Precocious puberty and prostate cancer (GnRH analogues):
- Precocious puberty (central, GnRH-dependent): leuprolide or triptorelin monthly depot → sustained GnRH receptor desensitisation → arrested puberty; continued until appropriate pubertal age. Bone age monitored (prevent premature epiphyseal fusion).
- Prostate cancer: leuprolide or goserelin monthly/3-monthly depot → chemical castration (testosterone <50 ng/dL). Standard in locally advanced/metastatic prostate cancer; combined with anti-androgens (bicalutamide) initially to prevent flare. Monitoring: PSA response, testosterone levels, bone density (long-term).
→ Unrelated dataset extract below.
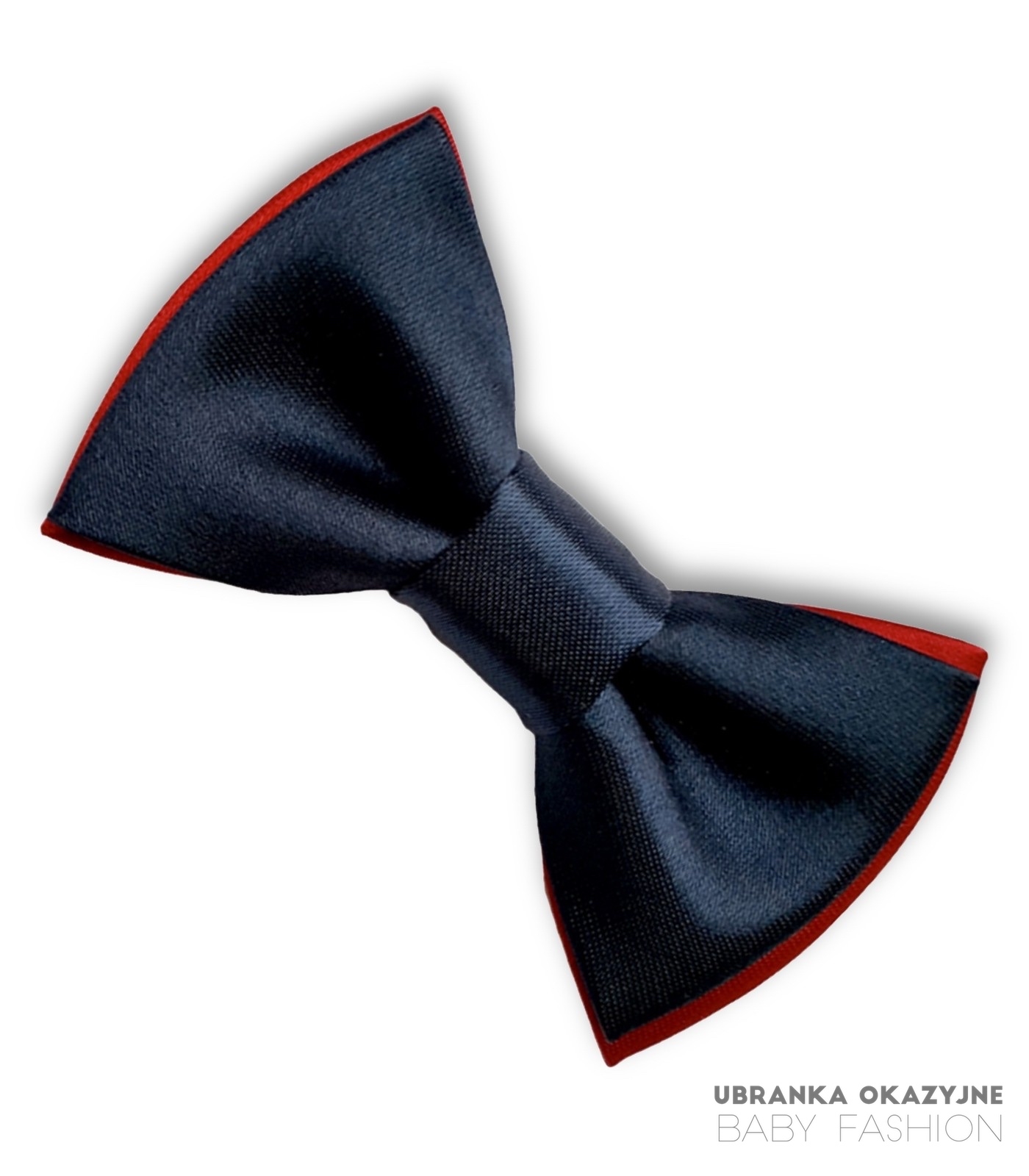 Granatowo-czerwona satynowa muszka dla niemowlaka lub małego dziecka w wieku od 0 do 3 lat. Muszka na tasiemce z regulacją. Idealna jako dodatek do eleganckiego ubranka do chrztu lub na imprezy okolicznościowe. Wyprodukowana przez polskiego producenta.

Self-Assessment: Pituitary Drug Scenarios
Apply your understanding of anterior pituitary pharmacology to these two scenarios:
Scenario A: A 45-year-old man with a GH-secreting pituitary macroadenoma undergoes transsphenoidal surgery, but post-operative GH is still 8.2 ng/mL (normal <1 ng/mL) and IGF-1 remains elevated. What is the next pharmacological step? What if this first-line pharmacological step achieves only 40% IGF-1 reduction after 6 months?
Answer: First-line medical therapy: octreotide LAR or lanreotide autogel (SSA monthly injection). If SSA response is partial (IGF-1 not normalised): add cabergoline (10–20% additional response) or switch to pegvisomant (GH receptor antagonist — lowers IGF-1 even when GH remains elevated; second-line for SSA-resistant acromegaly). Monitor: IGF-1 (target normalisation), annual MRI, glucose (SSAs can worsen glycaemia).
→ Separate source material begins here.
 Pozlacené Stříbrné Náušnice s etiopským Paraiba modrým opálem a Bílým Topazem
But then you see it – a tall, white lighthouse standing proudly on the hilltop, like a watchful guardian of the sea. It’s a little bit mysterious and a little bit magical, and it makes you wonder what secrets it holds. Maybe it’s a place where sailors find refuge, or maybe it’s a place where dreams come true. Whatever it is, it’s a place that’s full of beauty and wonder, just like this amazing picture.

Scenario B: A 28-year-old woman wants to conceive. She has hypogonadotropic hypogonadism (low FSH, LH, and oestrogen; thin endometrium). How do you use a GnRH analogue to help her conceive — and how does this differ from its use in prostate cancer? Answer: For fertility in hypogonadotropic hypogonadism: use pulsatile GnRH (via a programmable pump, SC, every 60–90 minutes) — this mimics normal hypothalamic GnRH pulsatility, stimulating pituitary FSH/LH release and then ovarian folliculogenesis. Alternatively: exogenous recombinant FSH/LH injections. Contrast with prostate cancer: continuous leuprolide depot — sustained GnRH receptor stimulation → downregulation → FSH/LH suppression → testosterone castration. Same drug class, opposite dosing pattern, opposite hormonal effect.
SELF-CHECK
Why does continuous leuprolide administration suppress LH and FSH, while pulsatile GnRH administration stimulates them?
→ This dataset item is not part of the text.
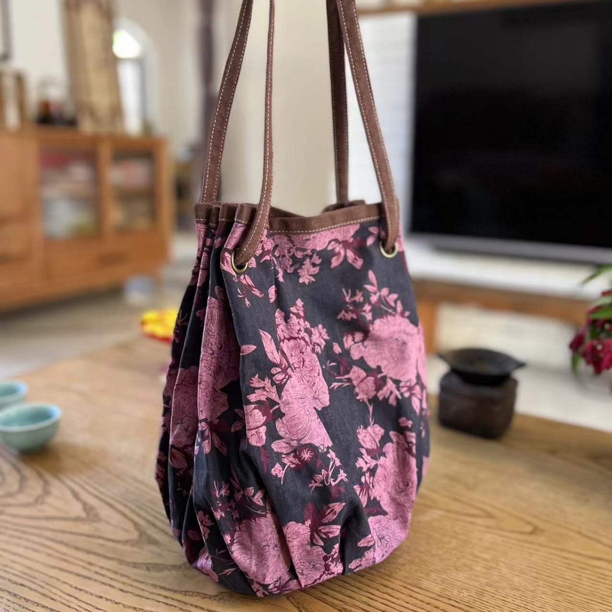 ファッショナブルな文学オリジナルコットンとリネンバッグカジュアルバケットプリントショルダー大容量レディースバッグレトロフローラルニッチバッグ

A. A. Leuprolide is a GnRH antagonist; pulsatile GnRH is an agonist
B. B. Continuous GnRH agonist overwhelms the normal pulsatile signal, downregulating GnRH receptors on gonadotrophs; pulsatile dosing mimics physiological GnRH release, maintaining receptor sensitivity
C. C. Leuprolide suppresses LH/FSH because it is a long-acting form that is metabolised differently
D. D. The pituitary only responds to GnRH when it is given IV
Reveal Answer
Answer: B. B. Continuous GnRH agonist overwhelms the normal pulsatile signal, downregulating GnRH receptors on gonadotrophs; pulsatile dosing mimics physiological GnRH release, maintaining receptor sensitivity
Leuprolide is a GnRH AGONIST, not antagonist — the suppression is pharmacodynamic. GnRH receptors on anterior pituitary gonadotrophs are physiologically tuned to respond to PULSATILE input. Continuous stimulation with a potent, long-acting GnRH agonist overwhelms this system, causing receptor internalisation and desensitisation — gonadotrophs stop responding, and LH/FSH fall to castrate levels after 2–4 weeks. Pulsatile GnRH (from a pump) mimics physiological hypothalamic pulsatility and maintains receptor responsiveness. This pharmacodynamic principle — agonist-induced receptor downregulation — also applies to beta-agonists in asthma with overuse.